You can travel to that one
if you would ordinarily be allowed to travel in that direction.
Okay.
So starting from the standard opening setup
for the chess pieces,
it is extremely cut and dried who will win
because white, who moves first,
the king for white can just capture the king for black
on the very first move every single time.
Basically, Black starts the game in Checkmate.
Okay?
It is a trivial application of basic chess knowledge
and the setup of the question
to answer that question.
So how does Chat GPT do?
Quote, this modified version of chess
where the board is treated like a tourist
introduces a fascinating twist
to the classic game.
By the way, GPD is clearly trained
to butter you up.
It's kind of hilarious.
It's always telling you how fascinating and important
your questions are. Anyway, to resume, in a troyal chess board, the edges of the board are effectively
connected, meaning that pieces can move from one edge to the other, as if the board is looping around.
This dramatically changes the strategy and tactics of the game. Regarding the question of whether
white or black would generally win in this version, and then it just, it gets filibusters again.

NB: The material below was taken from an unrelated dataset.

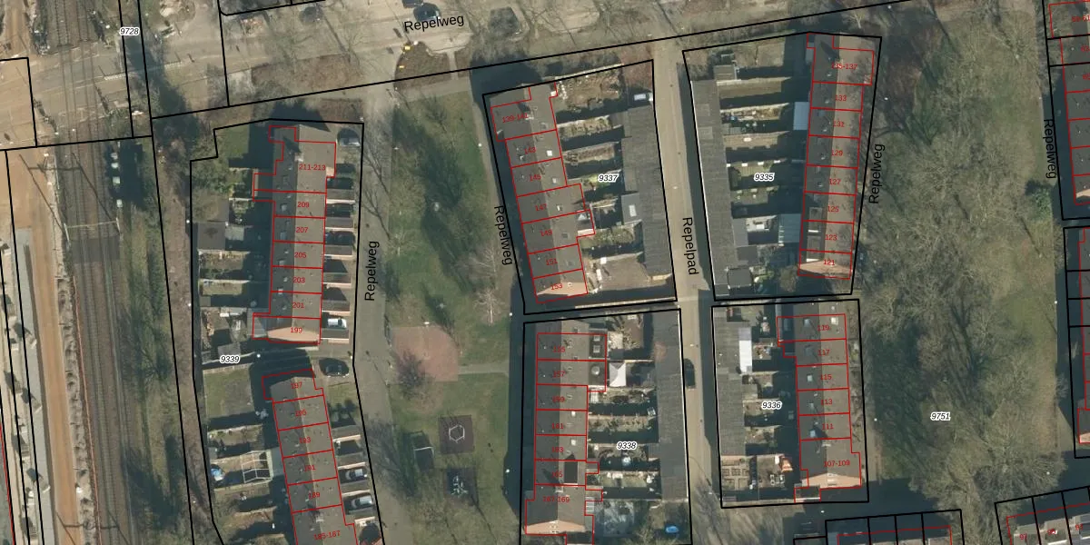 Repelweg 151 is gelegen op kadastraal perceel VUG00B9337. Deze kadastrale aanduiding is uniek en wordt gebruikt door het Kadaster om eigendomsrechten en andere zakelijke rechten vast te leggen. Het perceel maakt onderdeel uit van de kadastrale gemeente Vught.
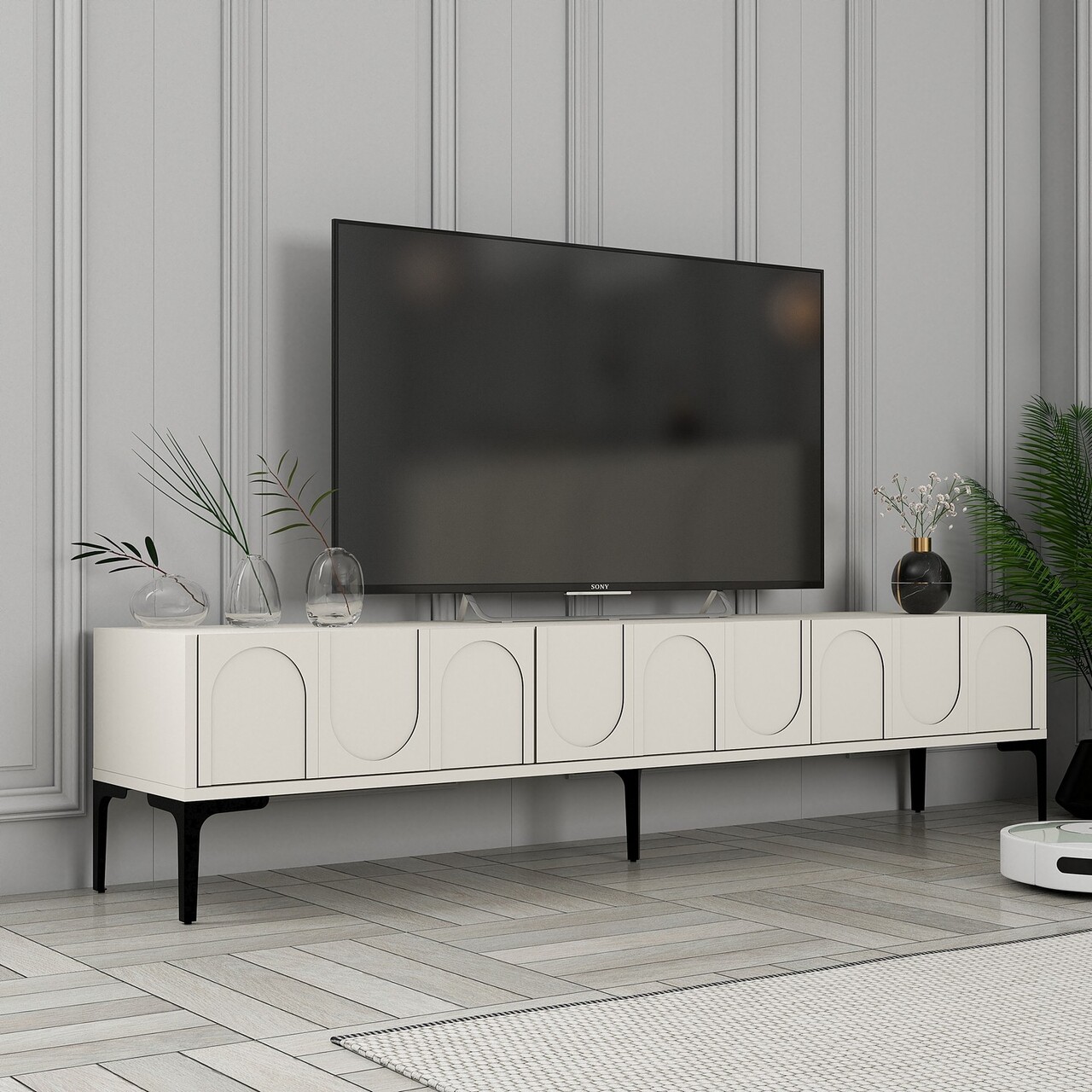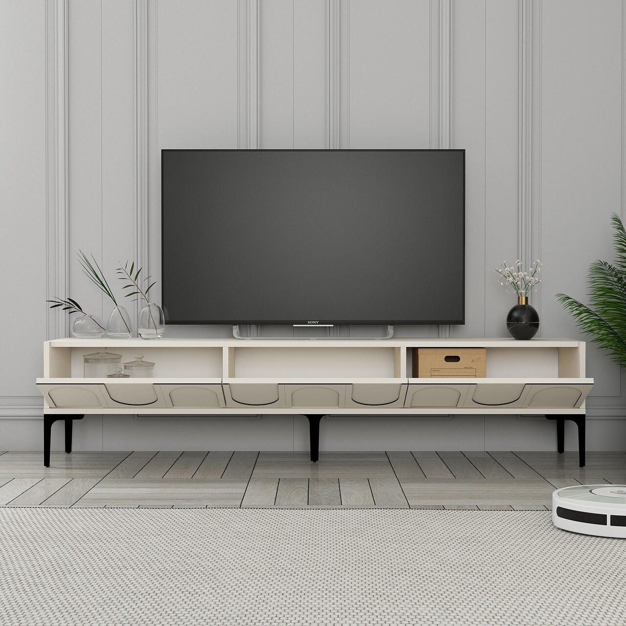 Comoda TV, Hommy Craft, Lyon 42, 180x42x35 cm, PAL, Crem/Negru

It goes through all of these statements. It says, first move advantage. In traditional chess,
white is generally considered to have a slight advantage due to the first move. This principle,
still hold in toroidal chess, but the extent of the advantage could be different due to the altered dynamics of peace movement and board geometry.

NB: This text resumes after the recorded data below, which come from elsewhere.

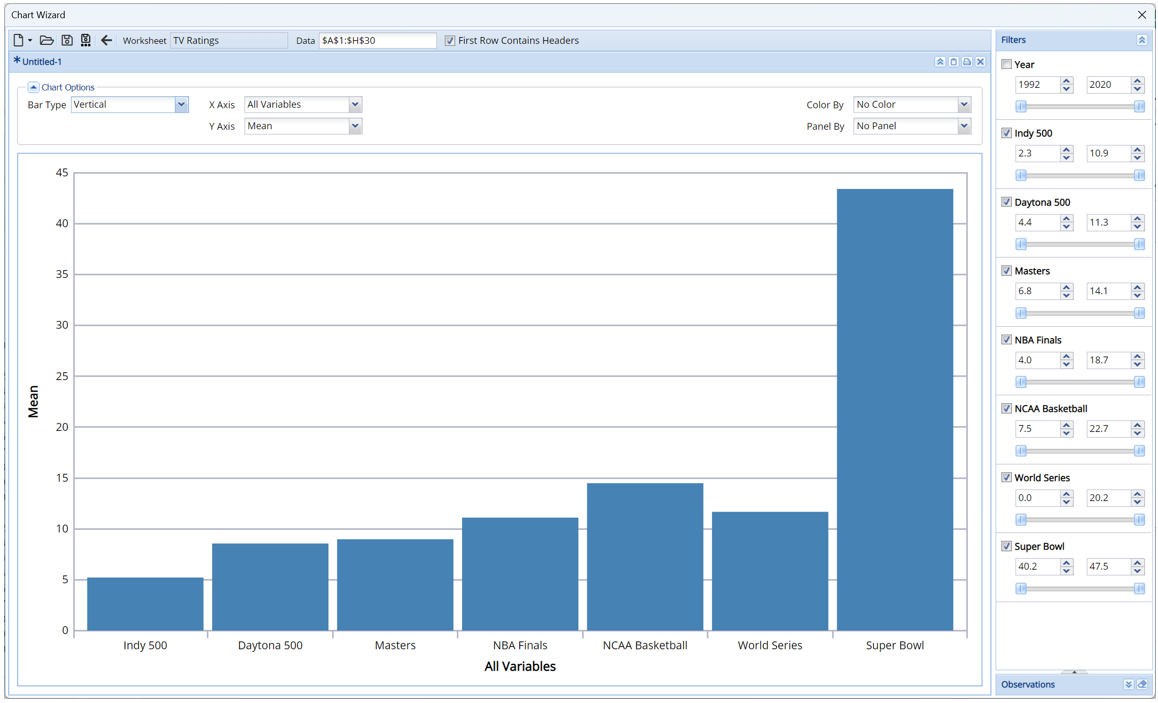 This example describes the use of the Bar Chart in Analytic Solver to illustrate the details of the Sports TV Ratings dataset.
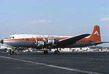 Operations grew when the larger Douglas DC-3 and DC-6 joined the fleet over the following years, allowing DAT to operate charter flights on behalf of KLM (which owned a 33.3 percent stake in DAT), Sabena, Crossair and BIAS. In 1973, the majority of the airline's stake was bought by Compagnie Maritime Belge.[3] During 1974, a Boeing 720 was leased, allowing DAT to offer worldwide charter flights (under the Delta International branding),[4] which soon turned out to be unsuccessful, though.[5]
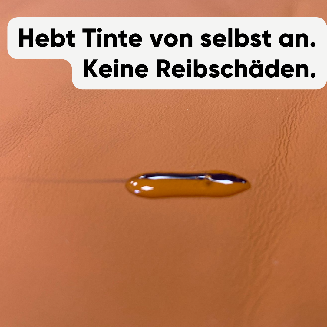 Ein kraftvoller Farbentfernungsreiniger gegen Verschmutzungen durch Tinte und Stifte, der Leder-, PU- und PVC-Oberflächen nicht beschädigt.

And then it goes altered strategies and tactics.
The toroidal nature would significantly change the middle game and endgame strategies, unpredictability and complexity.

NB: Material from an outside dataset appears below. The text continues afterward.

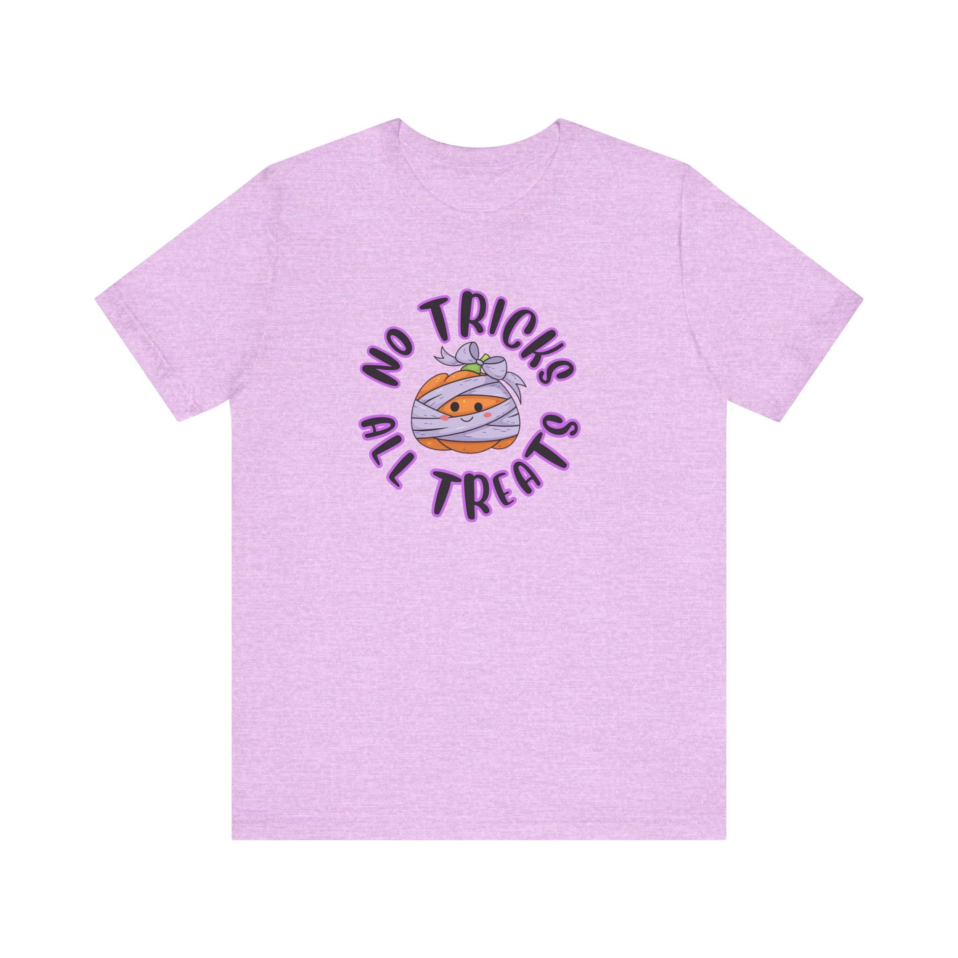 This Halloween teacher T-Shirt is perfect for those who love the spooky season. With a design that reads 'no tricks all treats,' it exudes a fun and festive vibe. It's great for teachers looking to get into the Halloween spirit and can be worn during classroom celebrations or school events.
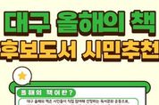 시민행정신문 강갑수 기자 | 대구광역시는 책 읽는 도시 조성을 위해 매년 ‘대구 올해의 책’ 10권을 선정·홍보하고 있다. 올해는 대구도서관 개관을 계기로 시민 참여를 더욱 확대하고자 시민추천단을 운영하여 시민 관심도와 참여도를 한층 높일 계획이다. 2026년 ‘대구 올해의 책’ 선정은 △도서추천단 후보도서 추천 △도서선정위원회 심의 △온라인 시민투표 및 최종 도서 선정의 방식을 거치게 된다. 도서추천단에는 분야별 독서 전문가, 구·군 및 교육청 대표사서, 시민, 지역출판협동조합 등 다양한 주체가 참여한다. 시민추천단은 대구도서관 누리집을 통해 대구시민이라면 누구나 참여 가능하며, 어린이·청소년·성인 분야별로 1권씩 총 3권까지 추천할 수 있다. 추천 대상 도서는 △국내 작가가 발간한 2년 이내 단행본 △사회적으로 공감할 수 있는 주제의 도서 △스테디셀러로 자리매김할 수 있는 도서여야 한다. 다만 종교·정치 성향 도서와 과거 ‘대구 올해의 책’ 선정 도서는 제외된다. 추천 기간은 2월 24일 오후 6시까지다. 시민추천단이 추천한 도서는 상위 30

The torritorial board adds a level of complexity, blah, blah, blah, blah.
Okay, right?
Lack of empirical data.
It complains that it doesn't know anything about this hypothetical variation of chess.
And it concludes with,
While White might still retain some level of first-booth advantage in toroyal chess,
the unique dynamics introduced by the board's topology could significantly alter how this advantage plays out.
The outcome would likely depend more on players' adaptability and innovation and strategy under the new rules.
There you go. Complete utter nonsense. Everything it said. But of course, it's not random nonsense. It's highly sophisticated.
nonsense. All of these words, all of these sentences, sound kind of like things that would be
perfectly reasonable to say under very, very similar circumstances. But what is not going on
is that GPT is not envisioning a chessboard and seeing how it would change by this new
troyal chessboard kind of thing and is not analyzing or reasoning about it because LLMs don't do
that. They don't model the world. Okay, that was a lot of examples. I hope you could pass through them.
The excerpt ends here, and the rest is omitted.